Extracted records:
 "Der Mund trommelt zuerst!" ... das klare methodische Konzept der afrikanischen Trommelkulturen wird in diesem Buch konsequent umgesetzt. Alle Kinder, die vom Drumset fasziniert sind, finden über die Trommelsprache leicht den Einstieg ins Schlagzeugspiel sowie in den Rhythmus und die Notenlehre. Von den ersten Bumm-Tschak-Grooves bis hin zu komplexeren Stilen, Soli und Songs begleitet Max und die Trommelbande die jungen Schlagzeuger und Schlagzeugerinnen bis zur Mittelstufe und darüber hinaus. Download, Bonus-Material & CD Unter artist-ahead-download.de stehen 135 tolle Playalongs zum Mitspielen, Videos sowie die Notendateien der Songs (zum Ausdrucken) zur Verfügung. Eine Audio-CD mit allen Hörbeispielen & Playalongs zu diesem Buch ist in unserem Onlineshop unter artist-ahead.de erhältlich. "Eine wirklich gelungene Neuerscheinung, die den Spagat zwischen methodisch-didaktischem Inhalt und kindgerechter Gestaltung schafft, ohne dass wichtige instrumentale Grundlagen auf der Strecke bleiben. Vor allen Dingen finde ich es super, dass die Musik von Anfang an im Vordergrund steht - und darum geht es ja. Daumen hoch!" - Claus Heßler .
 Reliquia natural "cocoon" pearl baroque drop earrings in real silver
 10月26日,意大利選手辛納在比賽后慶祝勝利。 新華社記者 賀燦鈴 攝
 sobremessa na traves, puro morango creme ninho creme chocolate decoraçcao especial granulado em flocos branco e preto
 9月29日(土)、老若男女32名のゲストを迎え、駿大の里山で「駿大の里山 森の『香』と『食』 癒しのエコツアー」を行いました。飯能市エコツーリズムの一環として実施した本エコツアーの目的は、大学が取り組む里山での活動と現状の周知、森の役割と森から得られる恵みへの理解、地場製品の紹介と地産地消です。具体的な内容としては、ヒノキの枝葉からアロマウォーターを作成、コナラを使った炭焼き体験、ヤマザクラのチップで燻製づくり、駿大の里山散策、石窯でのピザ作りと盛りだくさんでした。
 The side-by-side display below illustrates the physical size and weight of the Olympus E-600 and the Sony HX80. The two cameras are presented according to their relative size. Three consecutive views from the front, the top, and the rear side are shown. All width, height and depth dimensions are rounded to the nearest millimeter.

§ Exercise description
Beginning with the line that contains "sobremessa na traves, puro", return every line through the end of the data above, exactly as written.

§ Answer to this exercise
 sobremessa na traves, puro morango creme ninho creme chocolate decoraçcao especial granulado em flocos branco e preto
 9月29日(土)、老若男女32名のゲストを迎え、駿大の里山で「駿大の里山 森の『香』と『食』 癒しのエコツアー」を行いました。飯能市エコツーリズムの一環として実施した本エコツアーの目的は、大学が取り組む里山での活動と現状の周知、森の役割と森から得られる恵みへの理解、地場製品の紹介と地産地消です。具体的な内容としては、ヒノキの枝葉からアロマウォーターを作成、コナラを使った炭焼き体験、ヤマザクラのチップで燻製づくり、駿大の里山散策、石窯でのピザ作りと盛りだくさんでした。
 The side-by-side display below illustrates the physical size and weight of the Olympus E-600 and the Sony HX80. The two cameras are presented according to their relative size. Three consecutive views from the front, the top, and the rear side are shown. All width, height and depth dimensions are rounded to the nearest millimeter.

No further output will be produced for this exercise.